In: Accounting
Write a little scenario explaining a way that you could commit payroll/HR fraud.
Explain what types of internal controls could prevent that fraud from occurring.
Solution
Timesheet Fraud
Timesheet fraud involves paying employees incorrectly for the hours they work. In some cases, companies overpay employees based on falsified timesheet submissions; employees might even have a co-worker clock in and out for them when they aren’t even scheduled to work. In one common timesheet scheme, an employee will “forget” to clock in or out, thus requiring a manual entry, to which they then add extra hours. In other cases, a payroll clerk may be in on the scheme, and manually overriding employee timesheets to increase the number of hours worked, or even the rate of pay.
Timesheet fraud can usually be caught quickly via regular audits and review of employee schedules, and strict policies regarding timesheet submissions and changes.
Internal controls
• A manager must approve any manual entries, and changes to pay rates, employee types, or a manager or human resources must document schedules in writing.
• Audits will reveal anomalies — such as the employee who is normally scheduled to work Monday through Friday suddenly clocking in on weekends — and stop fraud in its tracks.
Ghost Employees
Paying for employees who don’t actually work for the company.
You might be surprised. Ghost employees are the second most common type of fraud, and your payroll staff or manager often perpetrates it. In short, a ghost employee is either a fake employee who has never worked for your company — but who has been “created” by payroll to divert funds, or someone who once worked for the company and has since left, but was never officially terminated in the payroll system.

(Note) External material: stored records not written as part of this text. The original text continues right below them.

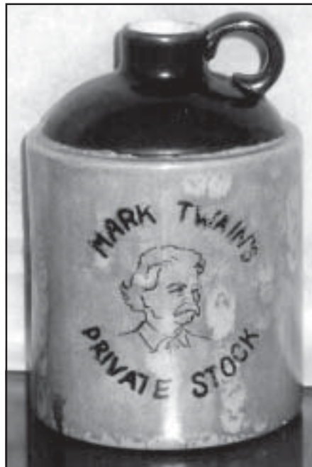
Mark Twain's Private Stock jug
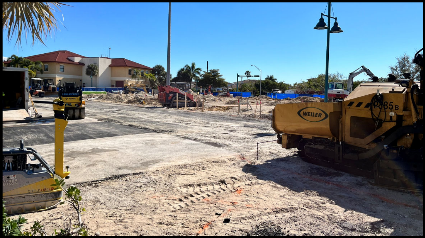
Fire Station 50 – Site Work: Asphalt
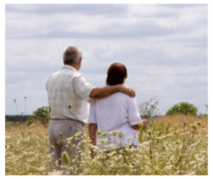
Post Radical Prostatectomy Urinary Incontinence

The International Continence Society has defined urinary incontinence as the involuntary loss of urine that is a social or a hygienic problem and which is objectively demonstrable<sup>3</sup>. However, the majority of studies define urinary incontinence after radical prostatectomy as the use of more than one pad a day.
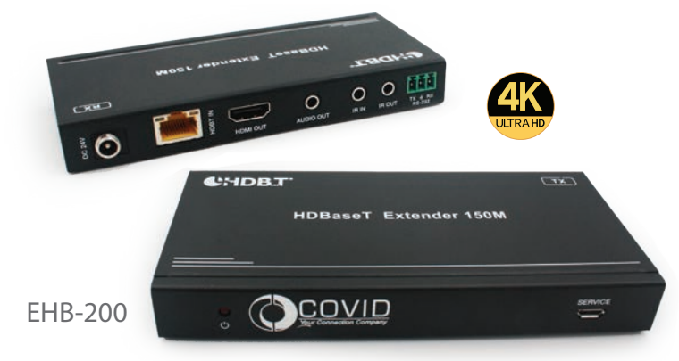
4K HDBaseT Set 18G, 4K Ultra HD Local Loop Out
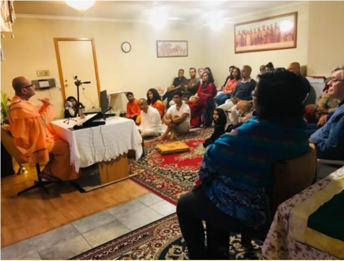
Sri Ramakrishna's Birth Anniversary
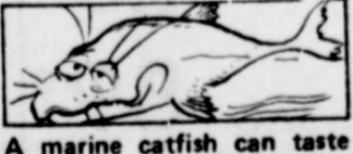
A marine catfish can taste with any part of its body

Consider this scenario: Your payroll clerk is Mary Elizabeth Smith. Mary decided that she doesn’t earn enough, so she creates a “new” employee named Mary Beth Smith. Then, when she runs payroll, she cuts two checks, one legitimate to Mary Elizabeth, and then another to Mary Beth. In another scenario, assume that an employee recently left the company. Your payroll manager Mary Elizabeth decides that she’d like to earn that person’s salary, so she doesn’t terminate his or her pay, but instead diverts that pay with a check made out to Mary Beth Smith.
Much like timesheet fraud, ghost employees can usually be flushed out with
Internal controls
• Regular audits, and comparing your payroll registers to the checks that have been cut or deposits made to locate anomalies like duplicate names, addresses, and Social Security numbers, and the names of employees who no longer work for the company.
• Separation of duties also helps prevent this type of fraud. In other words, the person who processes payroll shouldn’t be the same person who makes changes to employee records.